Thursday, 28 May 2026

By the hairs on my chinny chin chin

I grew a beard during lockdown and my nearest and dearest rather liked it so I’ve kept it ever since. It’s a pure, snowy white, which is fine by me. But on odd occasions when I let my facial hair grow when I was younger, it was ginger. My hair, when I had any, was light brown, but the beard and ‘tache were ginger. Okay, that’s fine, again, no problem with that. We’ll have no gingerism on my blog, thank you very much.

Yesterday I was watching a TV show on one of the History Channels about the attempt to build a recreation of a traditional Viking longship big enough to cross the Atlantic with. Sadly, when I visited Oslo in 2025, the Viking Ship museum on the Bygdoy Peninsula was closed for renovation and redevelopment. One interesting feature in the show was about a buried ship – possibly viking – under part of a pub in Meols on the Wirral. Apparently, it was first seen when the Railway pub was being constructed in the late 1930s and the builders were told to rebury it and hush it up so as not to delay the building of the pub. One of the men made a sketch of the boat and its location which came to light again in the 1990s. Now, featured on the show about the ocean going Viking ship, we saw archaeologists, having used ground penetrating radar to pinpoint the boat’ use an auger to bring up wood samples from it. That was as far as the show showed us.

Well, I googled it today, and found out that this actually happened in 2023 and the wood samples turned out to be just brushwood. I’ve been unable to find out what progress, if any, has been made since.

Which may lead you to ask what has any of this got to do with my once-red facial hair? Not that much, if truth be told.
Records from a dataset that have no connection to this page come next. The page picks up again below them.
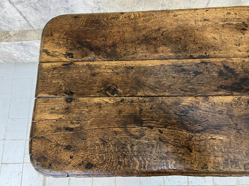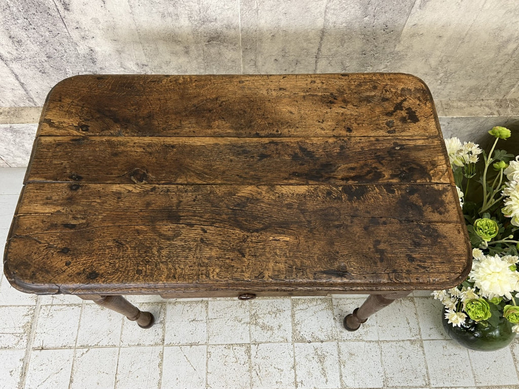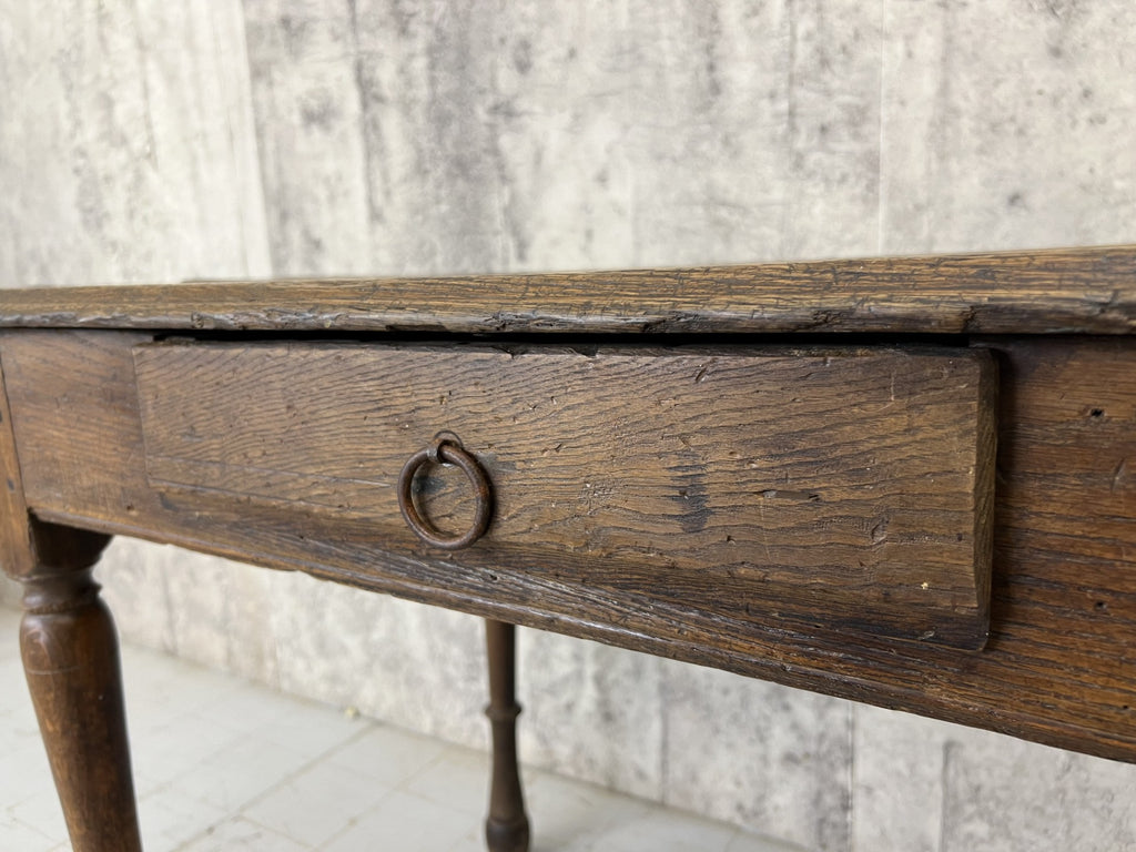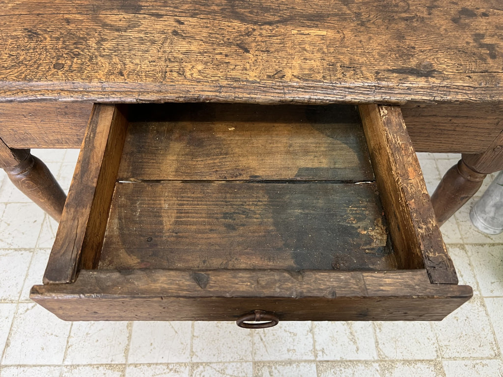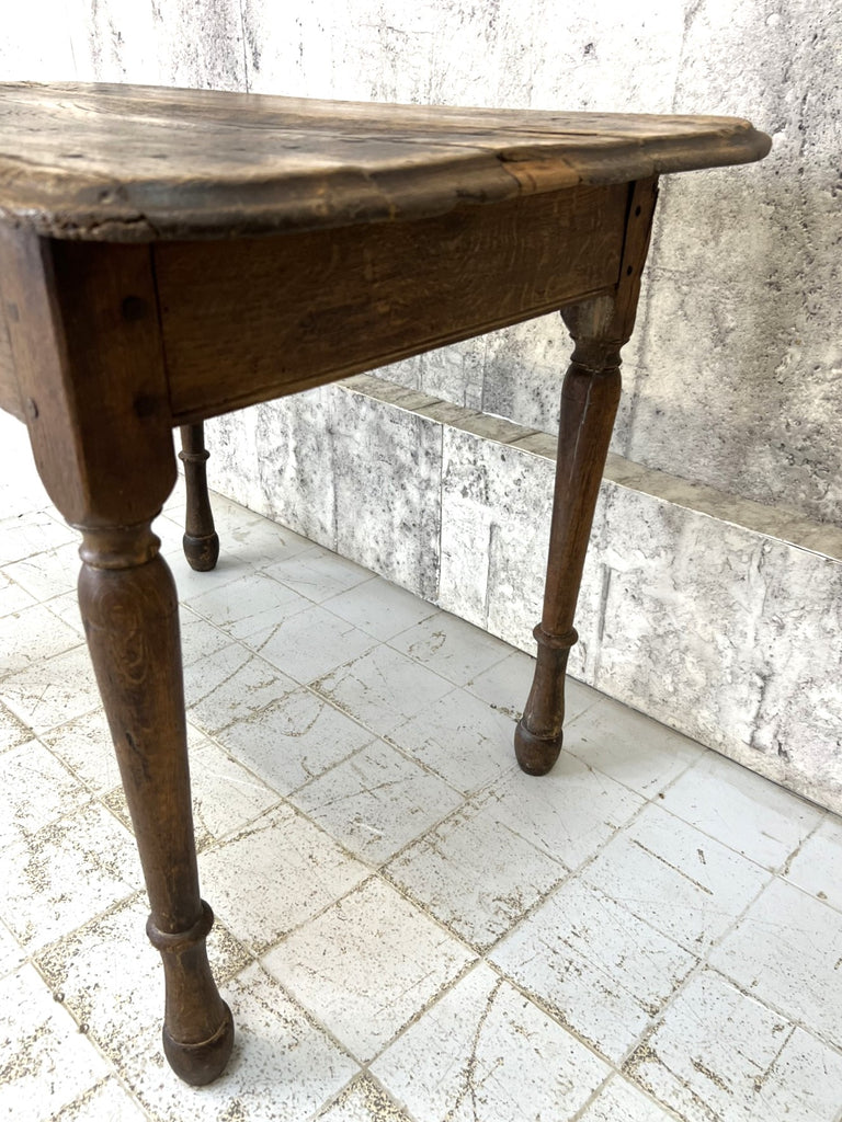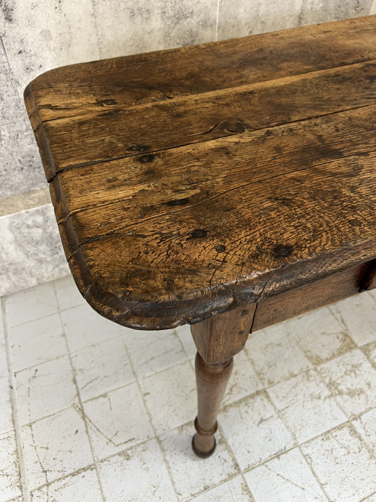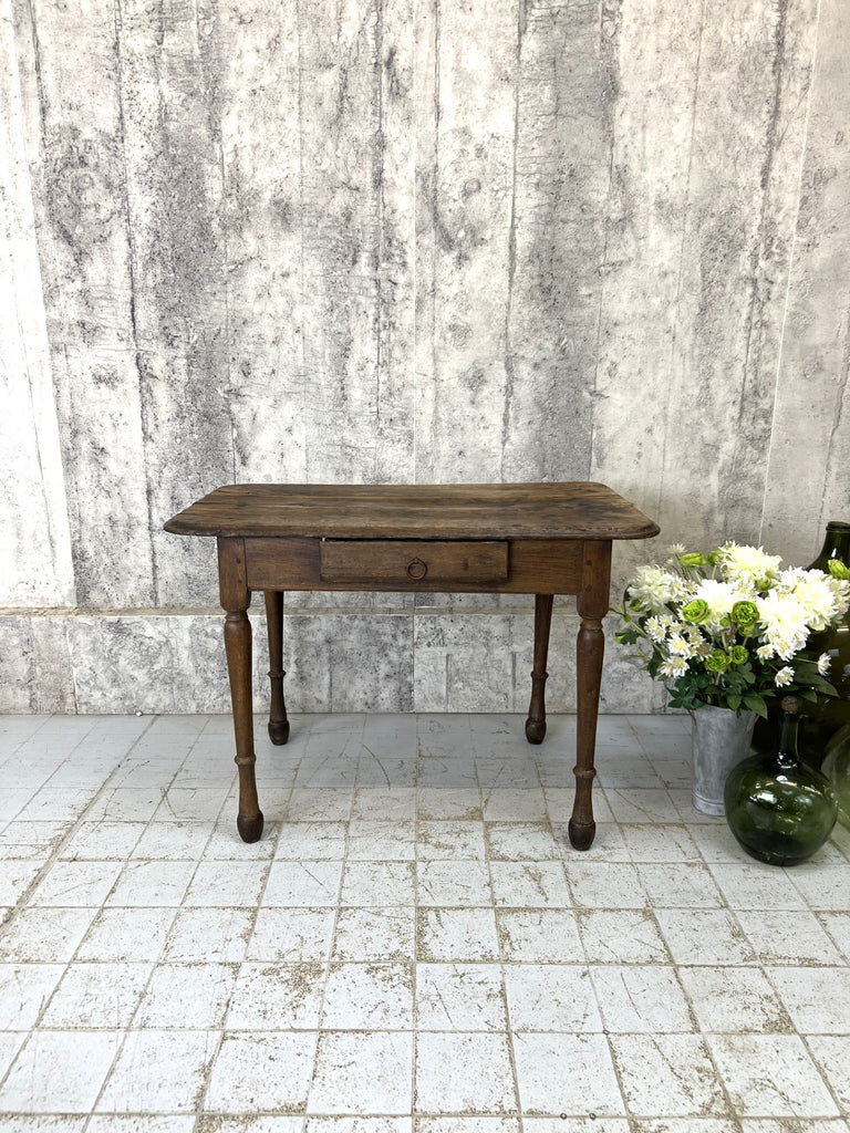 This very rustic and gnarly wooden table is old and has had the most wonderful careful wear over the decades. Sound structurally and the wood is solid and strong with lots of marks and wear. Ready to use in a kitchen or as a desk or prep area.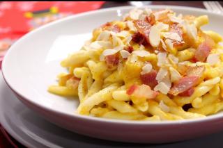 Casarecce con crema di peperoni, ricotta fresca e guanciale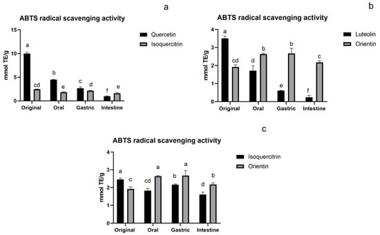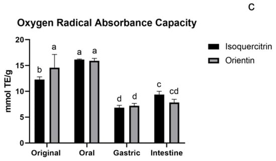 As for the ABTS assay (Figure 3), in original, the aglycones’ (both quercetin and luteolin) activity were significantly higher than their glycoside compounds (isoquercitrin and orientin), but their activity decreased sharply during the digestion process and was even considerably lower than their glycosides in the intestine as shown in Figure 3a,b, which was similar to the DPPH assay. However, compared with their original activity, flavonoid O-glycoside and C-glycoside maintained vigorous antioxidant activity in the oral, gastric, and intestinal stages, especially flavonoid C-glycoside. The antioxidant activity of C-glycoside (orientin) was significantly increased during the digestion process than in the initial stage. Similar results were reported by Bouayed and Lucas that the ABTS activity of Jonagold apple and the chyme soluble fractions of spaghetti increased during in vitro digestion [31,32]. This may lie in the interaction between the digestive system and compound, which also helps to scavenge ABTS radicals. The activity of flavonoid C-glycoside was significantly higher than that of flavonoid O-glycoside during the digestion process, as shown in Figure 3c. This may be a reflection of the more stable structure of flavonoid C-glycoside, which made it easier to maintain higher activity.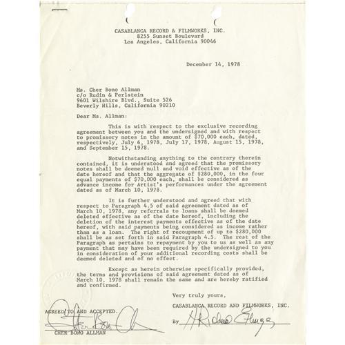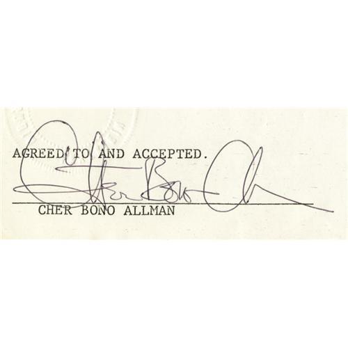 <B>Cher Signed Casablanca Records Contract.</B></I> A single-page payment agreement between Cher and Casablanca Record and Filmworks, dated December 14, 1978, and signed "Cher Bono Allman" in black ink. IN Very Fine to Excellent condition with a staple and punch holes to the top edge.<I>Accompanied by LOA from PSA/DNA.</B></I><BR><BR><b>Shipping:</b> Flat Material, Small (<a target="_blank" href="http://www.heritageauctions.com/common/shipping.php">view shipping information</a>)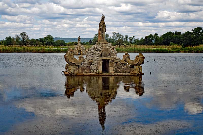 Auf Schloss Seehof schuf Ferdinand Tietz nicht nur unzählige Skulpturen für die Parkanlage (man spricht von über 400 Stück!), sondern er entwarf auf die Kaskade mit den Wasserpielen. Das Projekt war nicht ganz so einfach, denn die Wasserspiele sollten schon etwas extravagantes sein. Und so dauerte die Fertigstellung auch von 1764 bis 1771.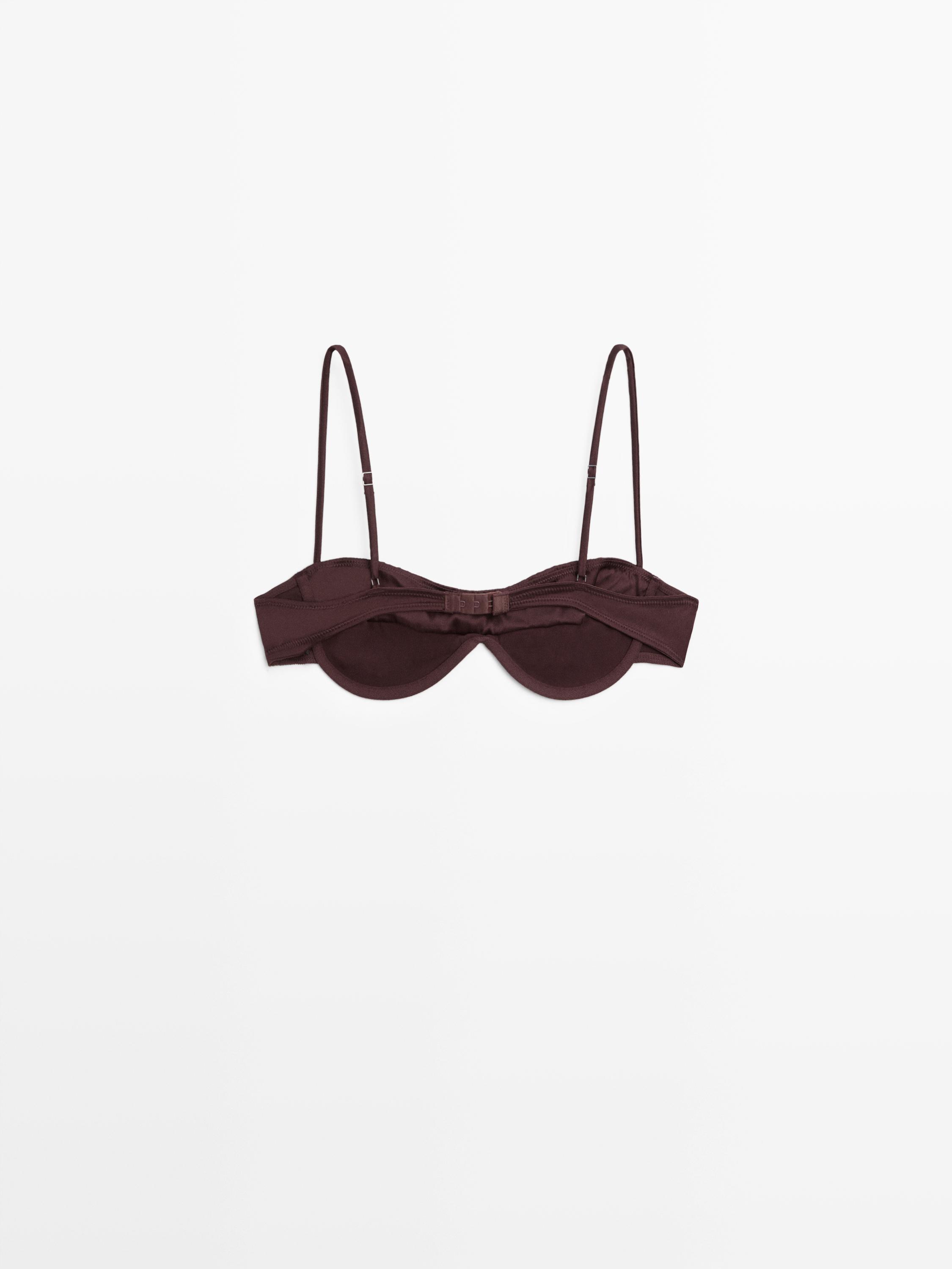 Creased-effect bandeau top with pleated detail. Tirantes ajustables. Cierre en espalda con ganchos metálicos. Detalle de costuras. Dispone de prenda a conjunto.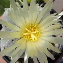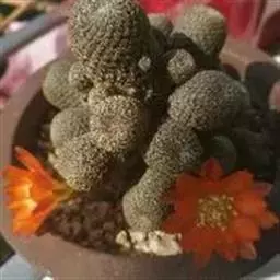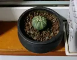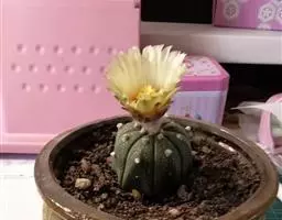 江守玉为仙人掌科强刺球属,植株扁圆形至球形,后成圆柱状,体色灰绿,刺座上附生白色绒毛,花橙黄色,漏…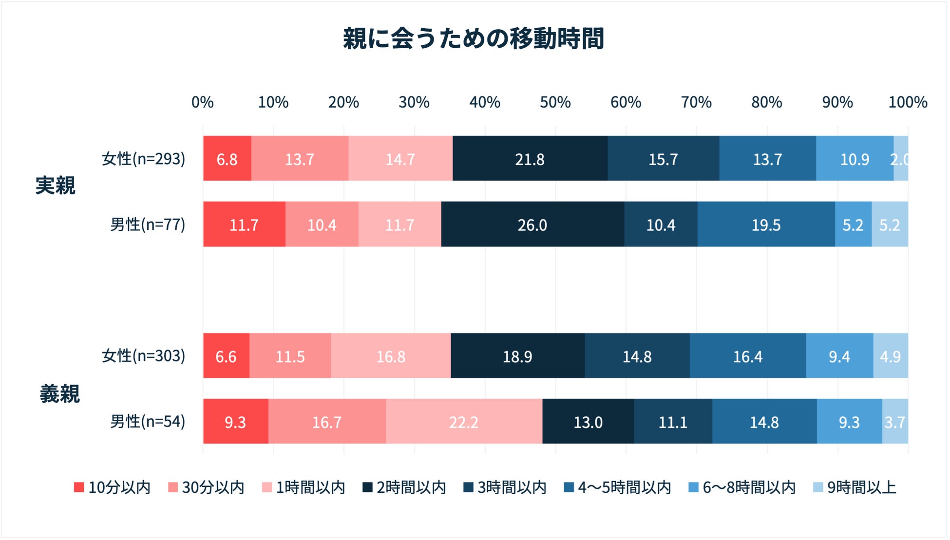 会いに行く移動時間:「片道30分以内」で親に会える人は2割前後。物理的に遠い距離で親と暮らしている。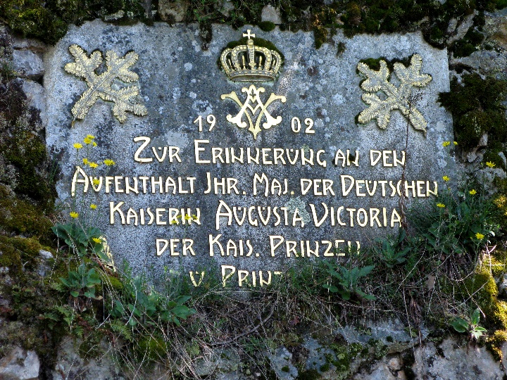 Gedenktafel anlässlich des hohen Besuchs anno 1902 am Alte-Mann-Fels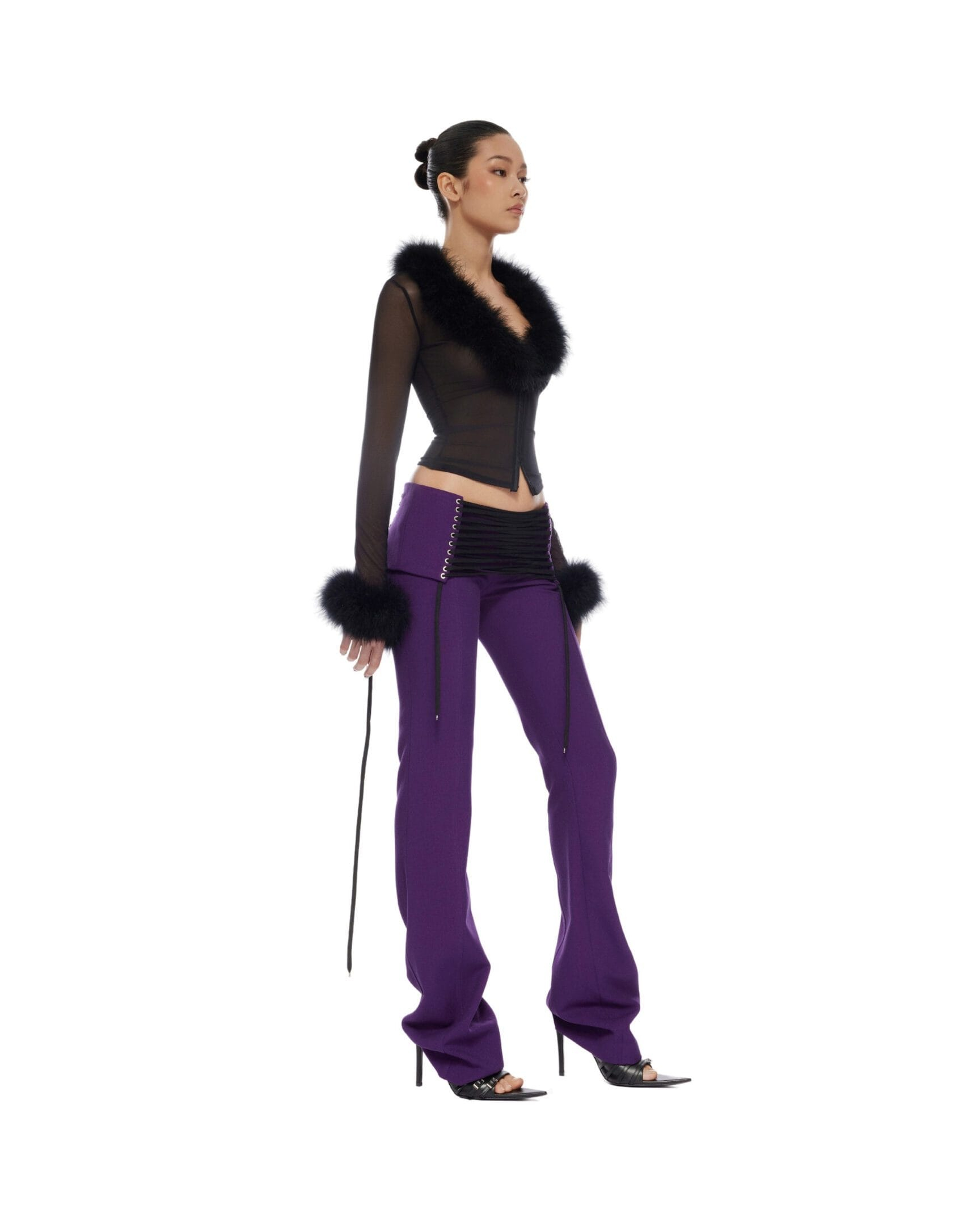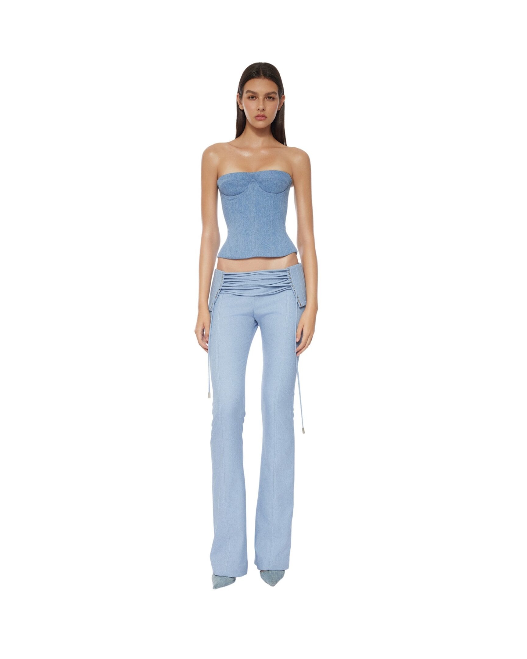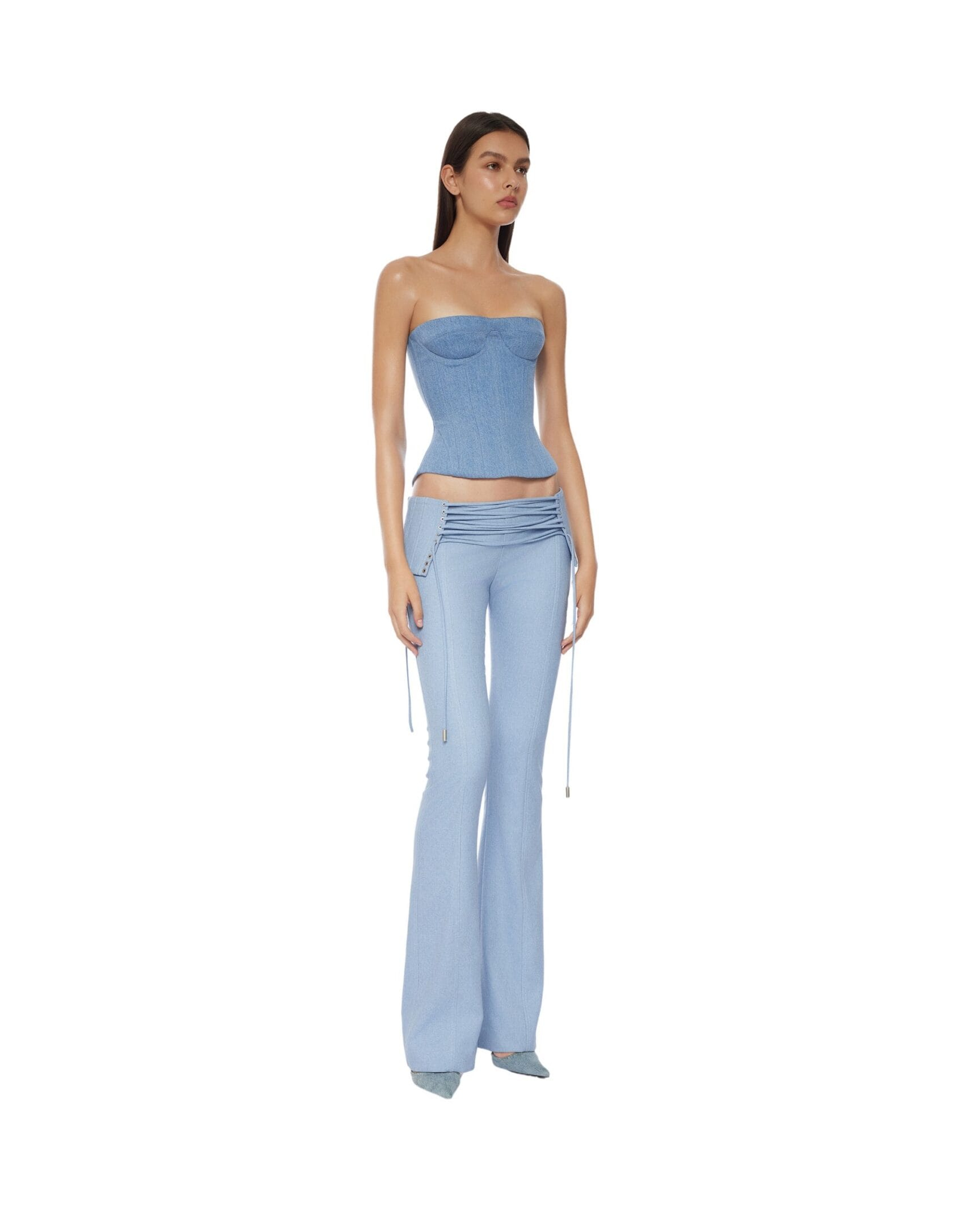Low-waist pants with self-tie lace

It goes back to 1984, and the top deck of a 20 hour ferry from Rhodes to Piraeus (calling at many islands in between). In 1982 I’d island-hopped from Piraeus down to Crete and back and in 1984 I island hopped down to Crete, then across to Rhodes. What it’s like to do such things now more than 40 years later I have no idea, but back then backpackers used to camp out on the upper decks and I’ll be honest, it was pretty much a party scene. I loved these ferry trips. Well, it was on the last one of all, the ferry back to Piraeus from Rhodes that I got talking to a Danish guy. I hadn’t shaved for 2 weeks, and while it wasn’t enough to give me the full Brian Blessed, it was enough for you to see that my facial hair was ginger. I don’t recall what it was that prompted my Danish friend to make this observation, but he said “You have red hair! You are a viking!” Then he grabbed me round the shoulders, handed me a bottle of Amstel and insisted we serenaded a couple of girls with “Wonderful, wonderful Copenhagen” from the Danny Kaye movie Hans Christian Anderson. I didn’t know that this was a particular viking favourite but what the hell, go with the flow.

I’ll be honest, there’s any number of places my once-red facial hair could have come from. My father had the same – light brown hair and ginger facial hair, and I’m told that his father was the same. So it’s a decent chance I get it from my Scottish ancestors, but what the hell, who knows. There’s Irish in the mix with me, and also French Huguenot on my mother’s side and Gawd knows what else that I don’t have an inkling about. Viking? Who knows, but I won’t be burying a boat in the back garden any time soon.